While we’re early risers, and I go to bed early, I don’t like the idea of a Summer sunrise 4:36am and the latest sunset at 7:29pm. On the other hand, July 4th fireworks could start earlier!

Others suggest we switch to Daylight Saving Time (ahead one hour) and don’t go back to standard time.

Making daylight saving time permanent — by never “falling back” again — could save the country billions a year in social costs by reducing rapes and robberies that take place in the evening hours, according to a forthcoming paper by researchers at the Brookings Institution and Cornell University.

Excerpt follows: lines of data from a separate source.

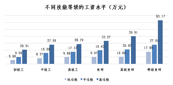 从工资中位数来看,首席技师的工资是初级工的3倍以上。具体来说,首席技师、特级技师、高级技师、技师、高级工、中级工、初级工的工资分别为30.33万元、27.91万元、20.87万元、19.43万元、17.37万元、15.58万元和9.95万元。
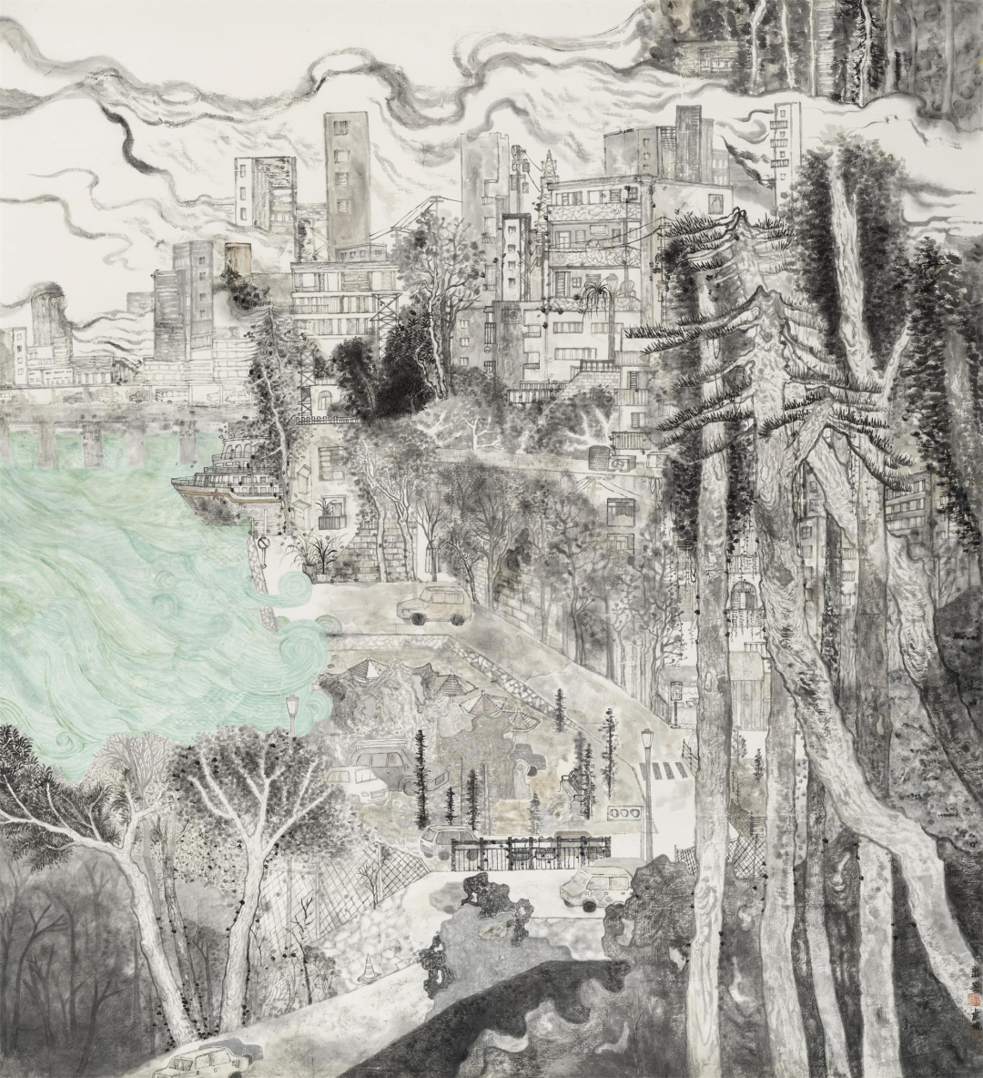 董小明《维港晨雾》95cm×180cm 广东
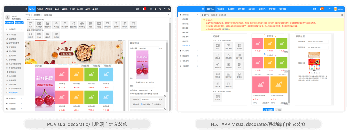可视化装修商城首页及店铺首页,满足不同商家的个性化需求。

In 2007, Congress increased the period of daylight saving time (DST henceforth) by four weeks, adding three weeks in the spring and one in the fall. “This produced a useful natural experiment for our paper,” authors Jennifer Doleac and Nicholas Sanders write at Brookings, “which helped us isolate the effect of daylight from other seasonal factors that might affect crime.” They found that “when DST begins in the spring, robbery rates for the entire day fall an average of 7 percent, with a much larger 27 percent drop during the evening hour that gained some extra sunlight.”

Today, November 4, 2015, our sunrise is at 6:31am and our sunset will be at 4:58pm. If we stayed on DST they’d be 7:31am & 5:58pm, respectively.  I like the idea of not changing clocks twice a year, I’d just prefer to keep them ahead one hour.